В то время, как Терек, Сунжа, малая Чечня, Качкалыковский хребет и ближайшие к нему дебри Ичкерии заселены были русскими авантюристами, перекочевавшими с берегов Дона и Волги, где политика Ивана Грозного мешала развернуться их удали, – Кубань до 1783 года оставалась для России terra incognita. В этом году в первый раз засверкали на солнце штыки русских батальонов, предводимых Суворовым, и Кубань впервые опоясалась лентой русских редутов и укреплений. Грозовые тучи, наносившиеся из-за Кубани, теперь стали разбиваться об эту живую изгородь. С этих пор, в течение почти полувека, Кубань представляла спорный рубеж, переходить через который одинакова опасно было для обеих враждебных сторон. По правому берегу реки тянулись русские форты и казачьи станицы; за левым берегом, частью на плоскости перед входом в ущелья рек, частью в самых ущельях и неприступных горных теснинах, находились аулы враждебного нам народа, известного под общим именем черкесов или адыге.

Экономическому быту, как тех, так и других, не позавидовало бы обездоленное население самых бедных русских губерний. Ни о каком правильном хозяйстве не могло быть и речи. Казаки, на обязанности которых лежала охрана русской земли, отвлекались от него поголовными ополчениями. Горцы, ревниво оберегавшие свою независимость и право жить за счет своих соседей, только и думали о том, как бы разорвать сковавшую их цепь. Те и другие не выпускали ружья из рук; у тех и у других плуг был заброшен. Но казаки имели за собою мирное население земледельцев, как бы служившее для них продовольственным базисом. У горцев после того, как цветущие колонии великих итальянских республик отошли в область воспоминаний, не было ничего, кроме жалкой Анапы, с ее контрабандной торговлей свинцом и невольниками. Земледелие было для них только ничтожным подспорьем, а главные средства к жизни доставляла торговля рабами и красивыми женщинами, которых они через посредство анапских факторий сбывали за хорошие деньги в Константинополь и другие большие города Европейской Турции и Анатолии.

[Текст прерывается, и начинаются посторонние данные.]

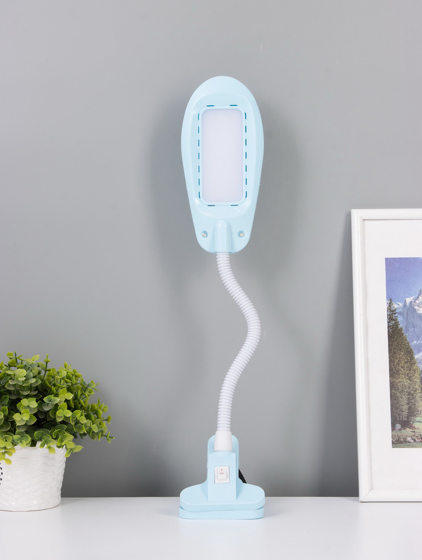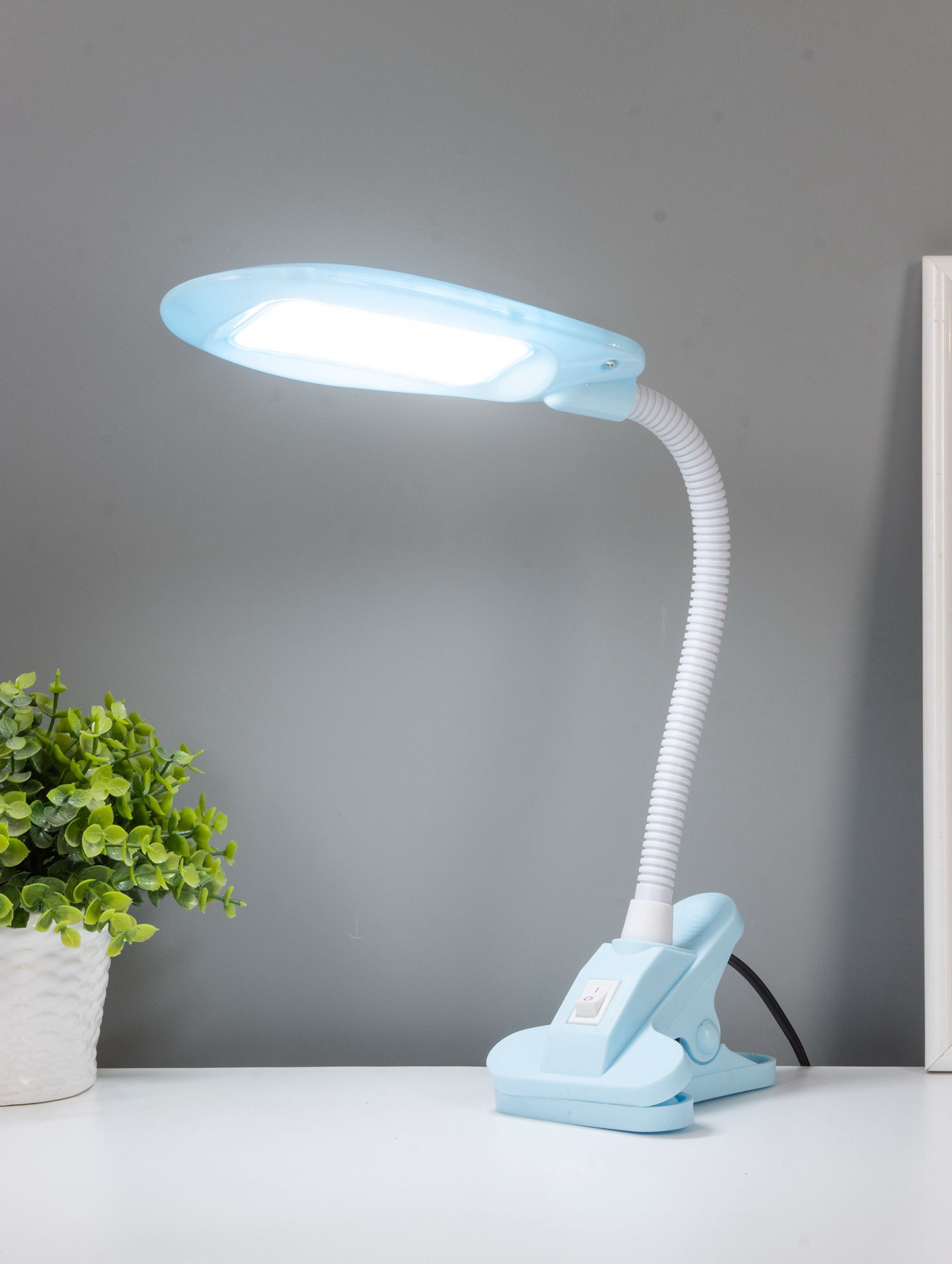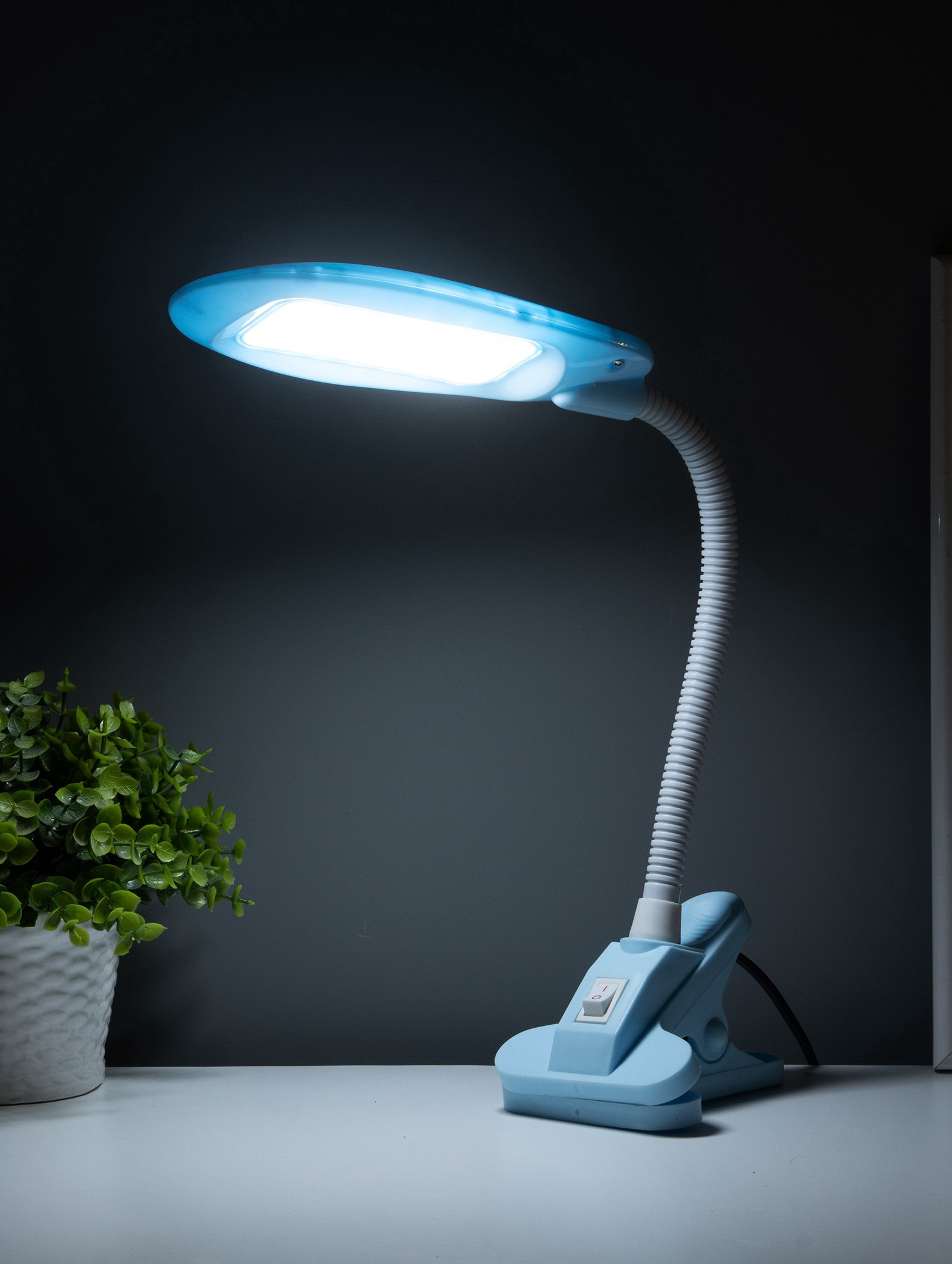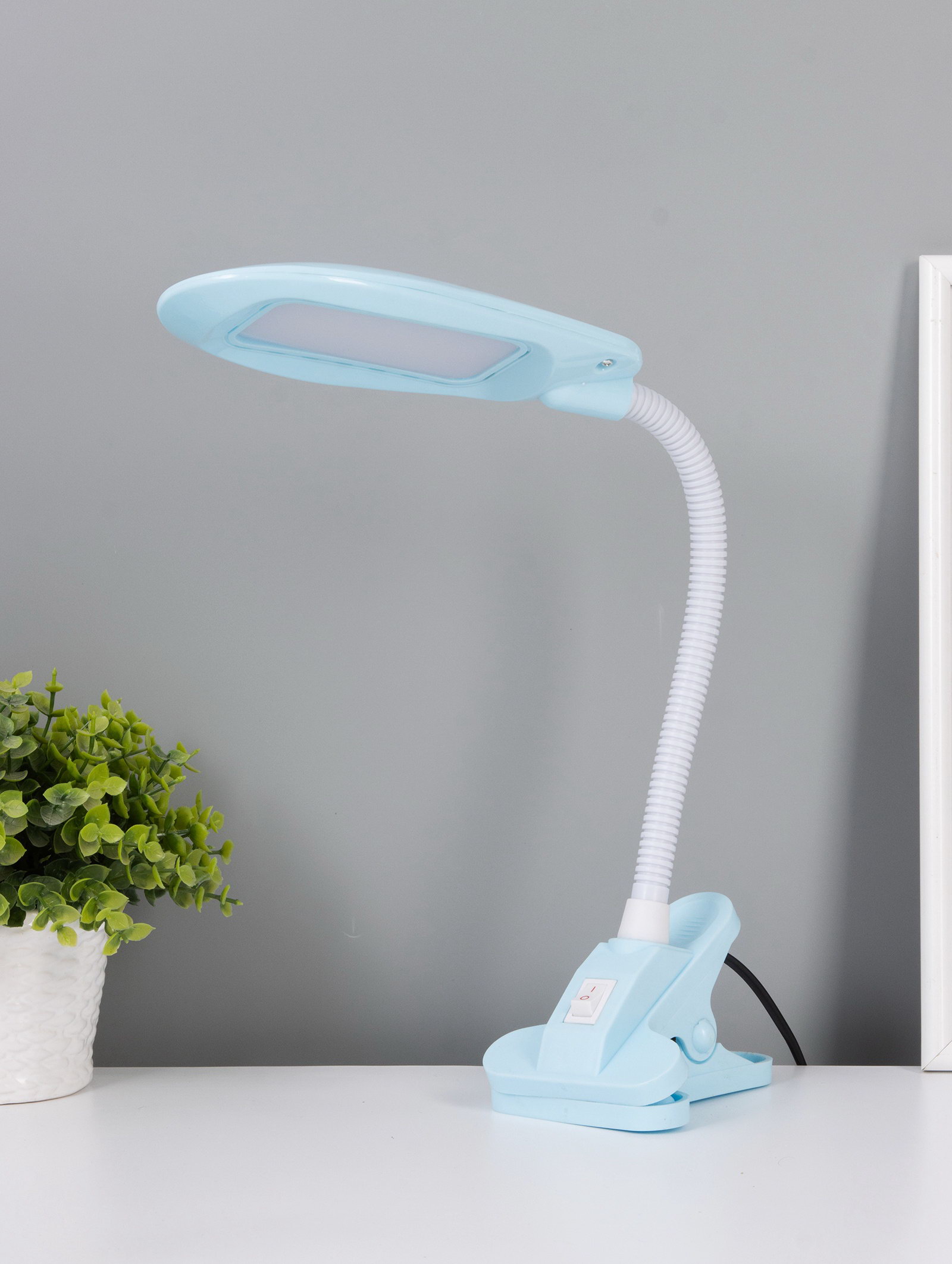 tnved: 9405204000 Гарантийный срок, мес.: 24 Материал основания: Пластик Вид лампы: Светодиодная Длина, см: 8.8 Цвет основания: Голубой Высота, см: 46.5 Тип рассеивателя: Без плафонов Направление рассеивателя: Поворотное Цоколь: Встроенные LED Цвет рассеивателя: Голубой Тип источника освещения: Встроенная LED Материал рассеивателя: Пластик Оттенок рассеивателя: Цветные Тип крепления: На прищепке Управление светильником: С выключателем на корпусе Тип питания: От сети 220 В Количество ламп: 1 Ширина, см: 11 Вид: Офисная/Школьная Лёгкий акцент уюта и функциональности компактная настольная лампа с гибкой конструкцией, которая идеально впишется в рабочее пространство школьника, студента или офисного сотрудника. Благодаря встроенным светодиодам она обеспечивает мягкое и равномерное освещение без мерцания, снижая нагрузку на глаза при длительной работе или чтении. Практичность конструкции продумана до мелочей: надёжное крепление на прищепке экономит место на столе, а поворотный механизм позволяет точно направить световой поток в нужную зону. Лёгкий пластиковый корпус в приятном голубом цвете добавляет свежести интерьеру и делает устройство удобным для повседневного использования. | ||
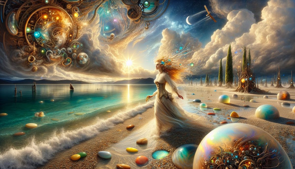An intriguing scene blends themes of steampunk and nouveau aesthetics into a space-fi opera setting. The scene radiates with transcendent beauty from the soft iridescence of a moonstone and the mechanical complexity of hyperfine circuitry creating an oddly enchanting charm. The focal point is a woman ...

Но чтобы добыть этот живой товар, нужно было жить грабежом и набегами на русские земли.

Естественно, что при таких условиях война должна была вестись – с нашей стороны оборонительная, со стороны черкесов наступательная. Но время от времени, когда среди казаков являлись лихие вожди, противные стороны менялись ролями: казаки переходили в наступление, черкесы искали защиты в обороне. В результате получалась картина далеко не утешительная. Пылали аулы и станицы, подвергались грабежу и разорению даже далеко отстоявшие от передовых линий мирные хутора, угонялись табуны и стада, вытаптывались нивы, уводились в плен женщины и дети, безжалостно умерщвлялись немощные старцы. Огонь и меч не щадили ничего, и страна, щедро наделенная природой всеми ее дарами, представляла печальную картину опустошения и нищеты. Но картина эта казалась печальной для непосвященных и будет казаться такой, конечно, для историка. Но для тех, кто набрасывал ее огненными и кровавыми штрихами, она имела увлекательную прелесть. Из средства – война очень скоро стала целью и, так сказать, воспитала людей для войны же. Сильные ощущения, которыми она сопровождалась, становились потребностью. Без тревог, в бездействии обе стороны скучали. Добыча, для которой предпринимались набеги, отходила на задний план, и стимулом отчаянных предприятий начинали служить удаль и наездничество. Под вечной войной закалялись силы, креп дух и создавались те мощные характеры, которые увлекали за собой в эту пучину других.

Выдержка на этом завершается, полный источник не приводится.